Problem requirements:
From the line containing "瑞(13画)慶(15画)覧(21画) 実(14画)和(8画)子(3画)" through the last line of the listing, output each line exactly as it stands. Omit pictures.

Information shown:
*** Begin section ***
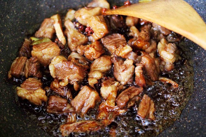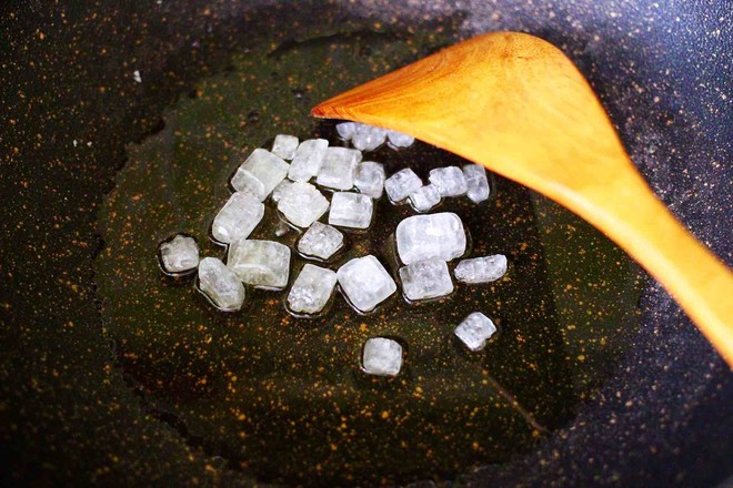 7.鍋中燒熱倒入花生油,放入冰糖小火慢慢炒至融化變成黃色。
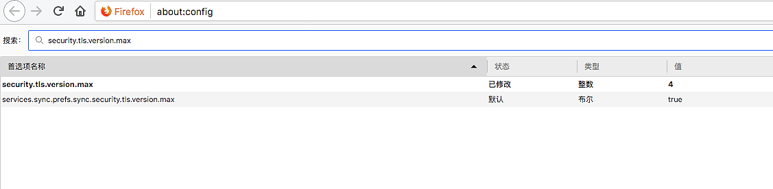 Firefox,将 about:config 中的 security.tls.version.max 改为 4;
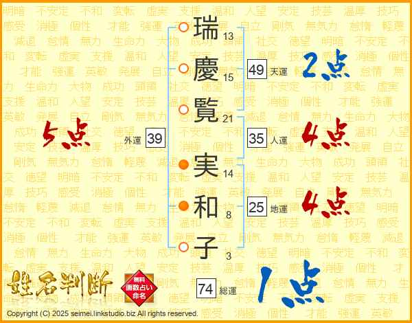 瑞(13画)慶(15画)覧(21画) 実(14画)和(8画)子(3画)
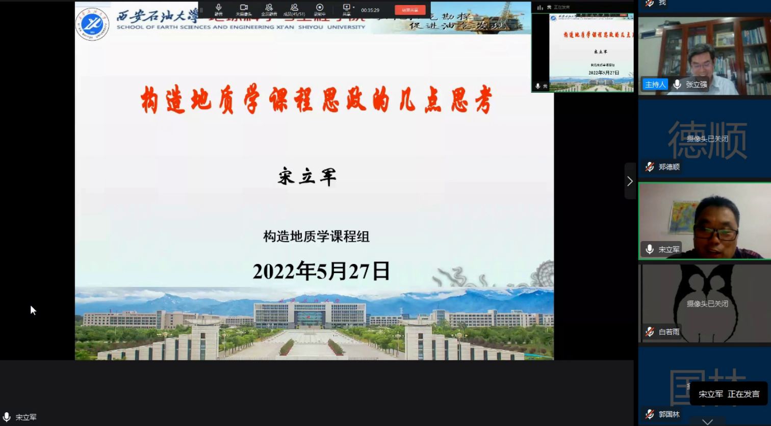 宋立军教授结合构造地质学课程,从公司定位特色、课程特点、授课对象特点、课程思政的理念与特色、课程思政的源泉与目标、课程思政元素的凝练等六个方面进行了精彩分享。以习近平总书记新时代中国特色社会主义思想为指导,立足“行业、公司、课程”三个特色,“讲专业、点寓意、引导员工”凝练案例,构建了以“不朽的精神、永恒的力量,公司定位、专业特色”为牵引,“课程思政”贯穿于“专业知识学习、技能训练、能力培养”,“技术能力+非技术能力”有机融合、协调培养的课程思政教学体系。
*** End section ***
Answer box:
 瑞(13画)慶(15画)覧(21画) 実(14画)和(8画)子(3画)
 宋立军教授结合构造地质学课程,从公司定位特色、课程特点、授课对象特点、课程思政的理念与特色、课程思政的源泉与目标、课程思政元素的凝练等六个方面进行了精彩分享。以习近平总书记新时代中国特色社会主义思想为指导,立足“行业、公司、课程”三个特色,“讲专业、点寓意、引导员工”凝练案例,构建了以“不朽的精神、永恒的力量,公司定位、专业特色”为牵引,“课程思政”贯穿于“专业知识学习、技能训练、能力培养”,“技术能力+非技术能力”有机融合、协调培养的课程思政教学体系。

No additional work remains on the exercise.